For many small business owners, the relationship they have with their accountant is very transactional. In other words, they meet with their accountant at year-end to file their taxes; and maybe on a quarterly basis to file their employee withholding or pay their quarterly estimated income taxes. At least that’s how I approached my accountant as a small business owner and I think I left profits on the table as a result.

Meet-with-your-accountant | OnDeck Small Business Loans

One of my best friends is a CPA. Although he wasn’t my accountant, he often tried to give me advice (great advice had I paid more attention to him), but I interpreted what he was saying as accounting mumbo jumbo and while I didn’t ignore him, I didn’t pay as much attention to him as I should have. Hindsight being what it is, had I been more engaged in what he had to say, he could have helped me build a more profitable business.

Over the years since then, I’ve come to appreciate the value of the accounting perspective; and were I to start another business, I would expect a more consultative relationship with my accountant.

Does it Make Sense to Consult with Your Accountant?

My focus, as a business owner, was to produce the best product I could and get as many customers to buy it as possible (with a big enough margin to make a profit). Probably not very different than where many business owners focus their time. Had I given my accountant more heed I would have seen more opportunities to reduce costs, invest my profits more efficiently, and ultimate make more of them—make more profits, that is.

My friend argues that every business needs what he calls “A Profit Expert.” I think he’s right. And, although that expert doesn’t necessarily need to be an accountant, your accountant could play that role—or at least help you master that role.

Because an accountant likely has more access to what’s happening inside your business than anyone else (next to you), they’re in a position to see things or notice trends that you might not.

Their training gives them a different perspective when they look inside your business. This is a valuable perspective that has the potential to make additional profits for your business, if you allow it. Because they offer a dispassionate pair of eyes and can look at your business without the distractions of day-to-day business operations, they may recognize trends in production costs, inventory costs, or other areas of your business that you might not notice in the heat of battle.
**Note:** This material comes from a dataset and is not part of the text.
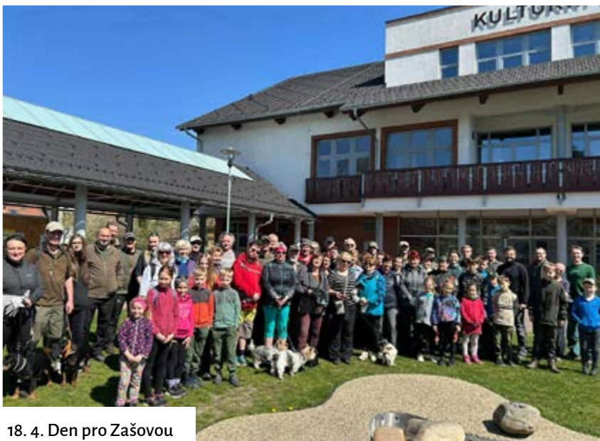
18. 4. Den pro Zašovou

How to Initiate a Consultative Relationship with Your Accountant?

The good news is that this will likely be easier than you might think because there are many accountants who would welcome the opportunity to do more than file your taxes. With that in mind, here are four things you can start now to initiate a broader relationship with your accountant:

  1. Start Asking Questions: It might be as simple as asking, “As you go through my books, do you see any place where I might economize to save additional profits?” You may be surprised if he or she immediately has two or three suggestions they offer on the spot. They will also likely volunteer to dive a little deeper and give you a more thorough analysis. Be prepared to pay for any analysis they do (they bill for their time), but they’ll likely be able to tell you before they get started what you can expect they’ll charge. If they don’t have anything to offer or don’t suggest a deeper dive to get you some actionable advice, they likely aren’t the type of accountant you’ll want to build a consultative relationship with. You’re looking for someone who can help you build your business and someone with the skills to help you do it.
  2. Ask to Schedule a Consultation: If you see value in what they suggest or otherwise like what they tell you, it might be worth scheduling a consultation once tax time is over (it’s likely they won’t have much time for this over the next few months). That will give them time to come up with some more concrete advice based upon what they’re seeing in your accounting records.
  3. Determine a Regular Cadence for these Meetings: If you feel like their deep dive provided some good actionable insights that will help you formulate a game plan, this could be something you will want to do on a regular basis. Working with your accountant, determine if a semi-annual, quarterly, or a more frequent meeting schedule is appropriate. Establish an agreed upon budget for the cost of the additional consultation and get started.
  4. Create an Action Plan: Working with your accountant, create an action plan for what you want to tackle, agree on benchmarks and key performance indicators, and start monitoring and measuring to see if the recommendations make a difference. You may be surprised at some of the advice your accountant offers, but you might be even more surprised to see the results of following the advice.

When I think back on the many conversations I had with my accountant, I now recognize there were times when he tried to engage with me at a more consultative level, but I wasn’t interested or wasn’t paying attention and therefore didn’t recognize those opportunities.

Take the first step. Ask if they see anything in your books that could be a red flag, which would demand immediate attention. Taking the relationship with your accountant to the next level could be an invaluable part of building a successful small business.